** RECORDS FOR THIS TASK follows **
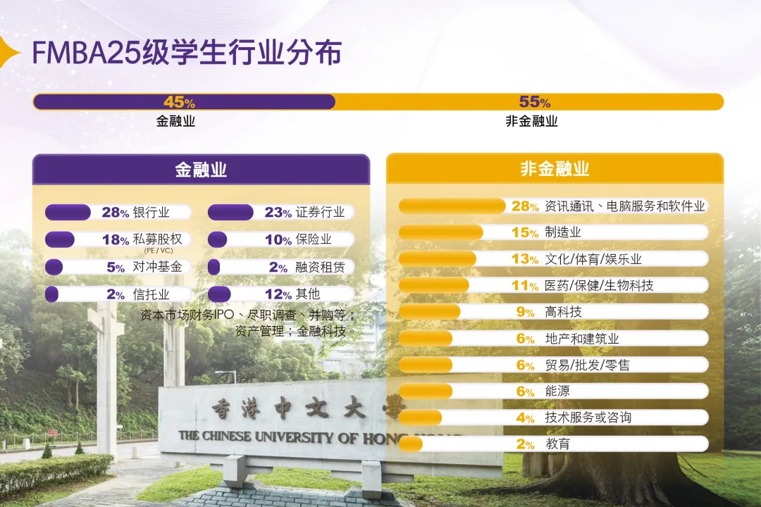 根据2025级新生背景统计,FMBA课堂呈现出新的结构特征:非金融行业的学生比例为55%,首次超过金融行业背景的学生(45%)。这一变化也反映出FMBA生源结构正呈现出更多元的发展趋势。
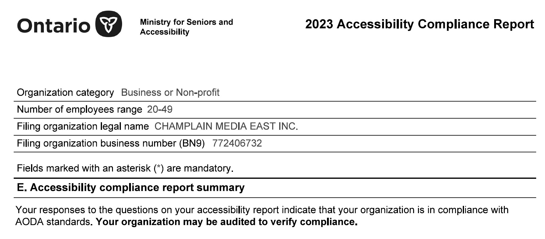 Should you have any feedback regarding our disability compliance and accommodation, please reach out to us at Legal@champlainmedia.ca and we will review it and come back to you with an accommodation plan.
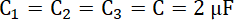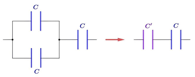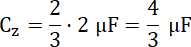 Wyznacz pojemność zastępczą układu kondensatorów połączonych następująco: dwa równolegle z trzecim szeregowo, wiedząc, że każdy z nich ma pojemność 2 μF.
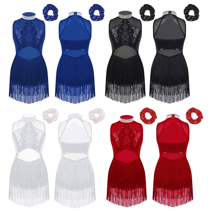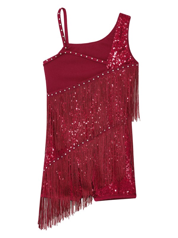 Hollow back, shiny sequins and rhinestone decorated, tassel straps outlook, boxer bottom hem, very fashionable.
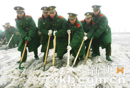 目前梅花至大橋(K24-K51)雙向結(jié)冰仍很嚴(yán)重。截至昨晚9時,因?yàn)樘靸鱿掠辏┲楸彪p向繼續(xù)封閉。從湖南郴州方面獲悉,郴州軍分區(qū)已調(diào)派裝甲車趕赴重災(zāi)路段進(jìn)行碾冰任務(wù)。由于有新冷空氣補(bǔ)充南下,粵北地區(qū)持續(xù)降溫,氣溫基本維持2℃-5℃,最低氣溫為-1.8℃,濕度達(dá)95%,同時還下起了中雨,又起了大霧,能見度不足30米。惡劣的天氣給京珠北破冰工作帶來了很大壓力。昨天,京珠投入的機(jī)械設(shè)備增到260臺套,分80個班次不停作業(yè)。這些機(jī)械包括鏟車38臺、推土機(jī)16臺,人員約1500人。昨天破冰里程已經(jīng)達(dá)到52公里,但由于下雨及路段最低溫度已降至-3.8℃,結(jié)冰始終在加劇。前晚已經(jīng)打通的南下通道,進(jìn)入晚間后再次出現(xiàn)持續(xù)降雨及氣溫迅速下降現(xiàn)象,路面再度迅速結(jié)冰,并逐步加劇,達(dá)到65公里左右。
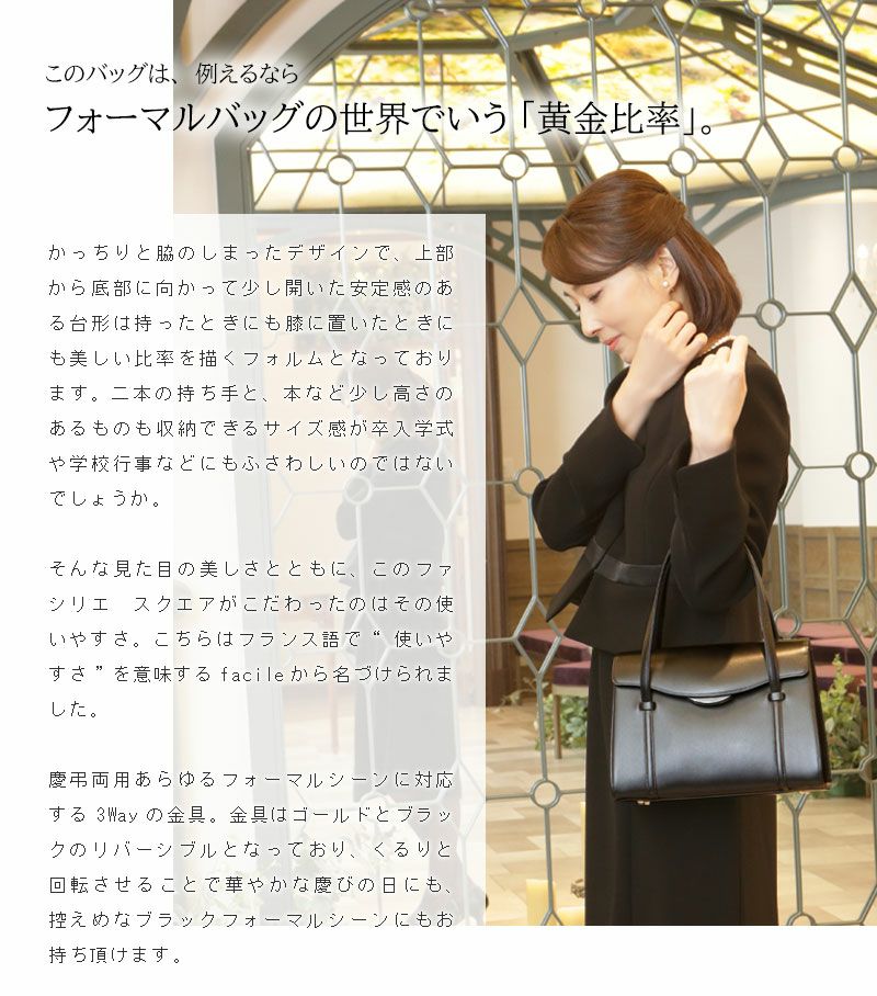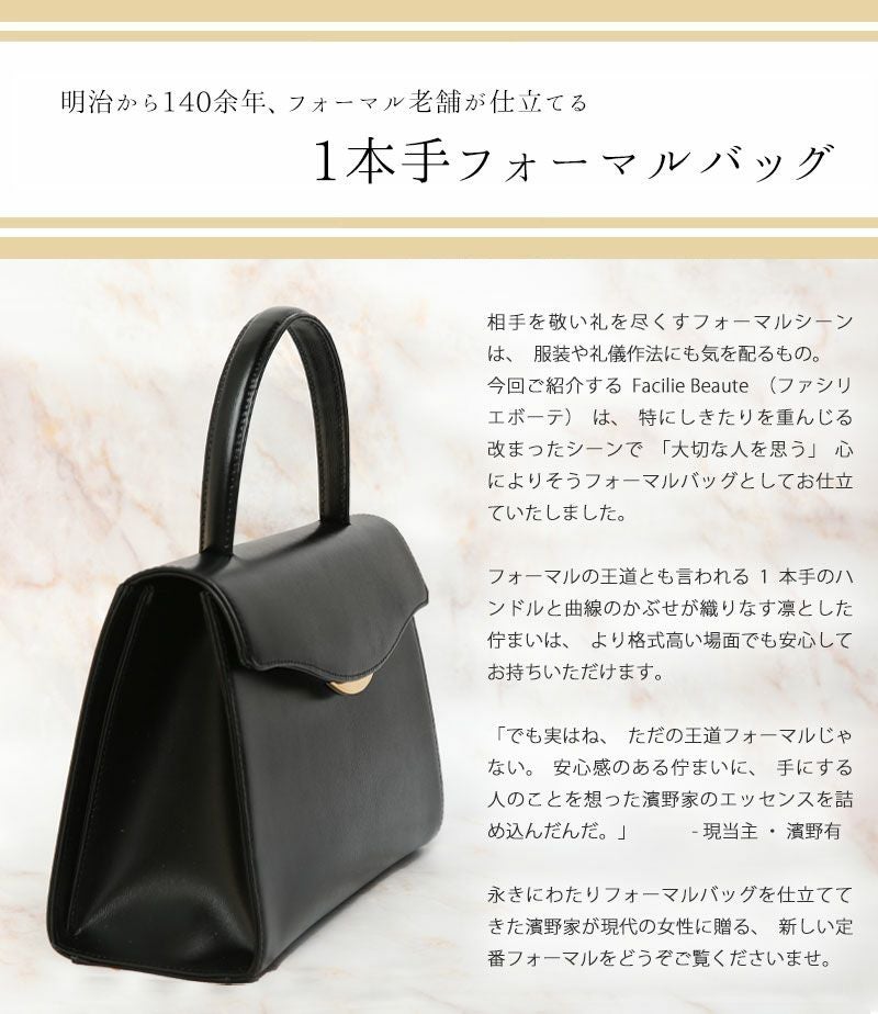 他の画像を見る 【傳濱野】皇室御用達 濱野家WEB限定 格式高いシーンにも安心1本手フォーマルバッグ ファシリエボーテ 慶弔両用 黒 3way金具 お受験バッグ 卒業式バッグ 入学式バッグ 卒園式バッグ 入園式バッグ ブラックフォーマルバッグ [formal] 販売価格 ¥ 61,600 税込
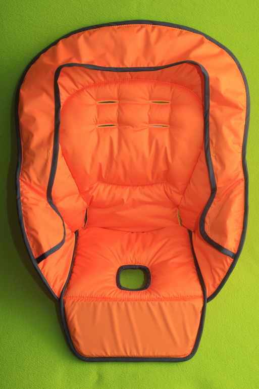 2. Чехол на стульчик для кормления Peg Perego Tatamia. Однотонная плащёвая ткань с водонепроницаемым полимерным покрытием внутри, наполнитель - холлофайбер плотностью 500 гр., все прорези под ремни и отстрочки выполнены, жёсткая пластиковая вставка в нижней части чехла присутствует.
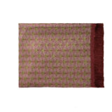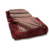 Jakarlı dokuma kumaştan üretilen bu masa örtüsü, bordo saçak bordürüyle şık bir görünüm sunar.
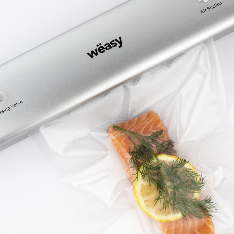 Facile da usare, il dispositivo per sottovuoto SIL85 permette di evacuare l'aria e di condizionare il cibo secco o umido in confezioni ermetiche in soli 10 secondi. Elimina il rischio di ossidazione e favorisce la conservazione a lungo termine. Anticipa e conserva gli alimenti nel frigorifero o nel congelatore senza alterare il valore nutrizionale né il sapore. Evita gli sprechi, puoi mantenere ciò che non viene consumato e riutilizzare i suoi 10 sacchetti sottovuoto lavabili 20 x 30 cmpact, il dispositivo si inserisce facilmente in un cassetto o nell'armadio della tua cucina.
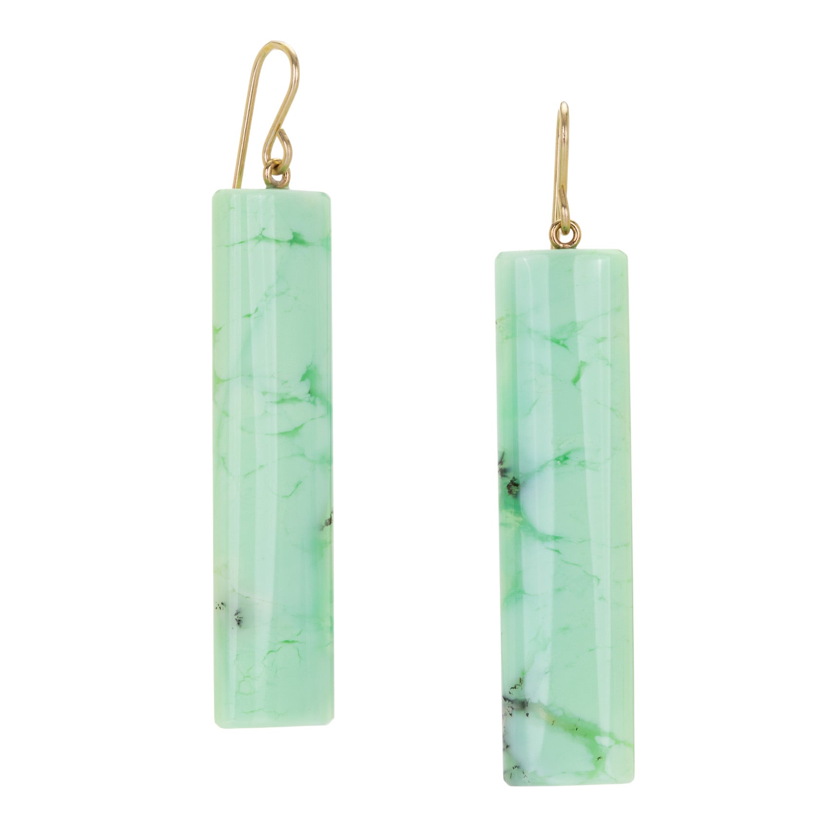 Keep things fresh with this pair of minty green drop earrings from Maria Beaulieu! The bright, bold design features elongated Australian chrysoprase bars, swinging freely from 18k yellow gold ear wires. Stones measure 11 x 43mm. Total length with 18k yellow gold curved ear wires measures 2”. Handcrafted in Brooklyn, NY, U.S.
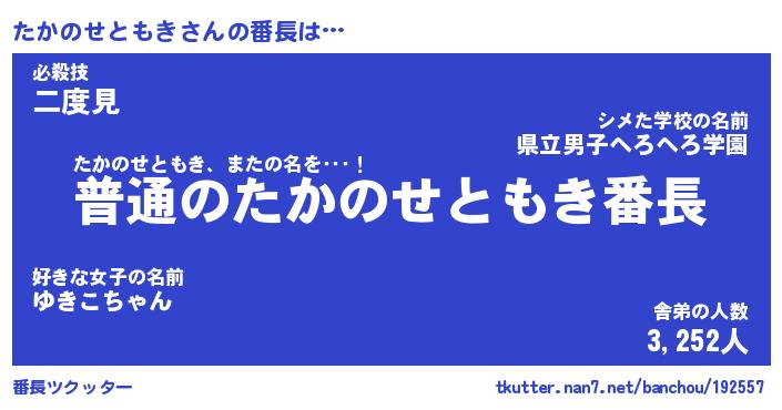 | ヒーロー風カッコイイあだ名 | 『スーパータカノセトモキ』 |
** End of RECORDS FOR THIS TASK **
• PROBLEM TO WORK ON: Word for word, write out the lines from the top of the records above down to the line holding "Hollow back, shiny", inclusive, but not the pictures.

• EXERCISE ANSWER:
 根据2025级新生背景统计,FMBA课堂呈现出新的结构特征:非金融行业的学生比例为55%,首次超过金融行业背景的学生(45%)。这一变化也反映出FMBA生源结构正呈现出更多元的发展趋势。
 Should you have any feedback regarding our disability compliance and accommodation, please reach out to us at Legal@champlainmedia.ca and we will review it and come back to you with an accommodation plan.
 Wyznacz pojemność zastępczą układu kondensatorów połączonych następująco: dwa równolegle z trzecim szeregowo, wiedząc, że każdy z nich ma pojemność 2 μF.
 Hollow back, shiny sequins and rhinestone decorated, tassel straps outlook, boxer bottom hem, very fashionable.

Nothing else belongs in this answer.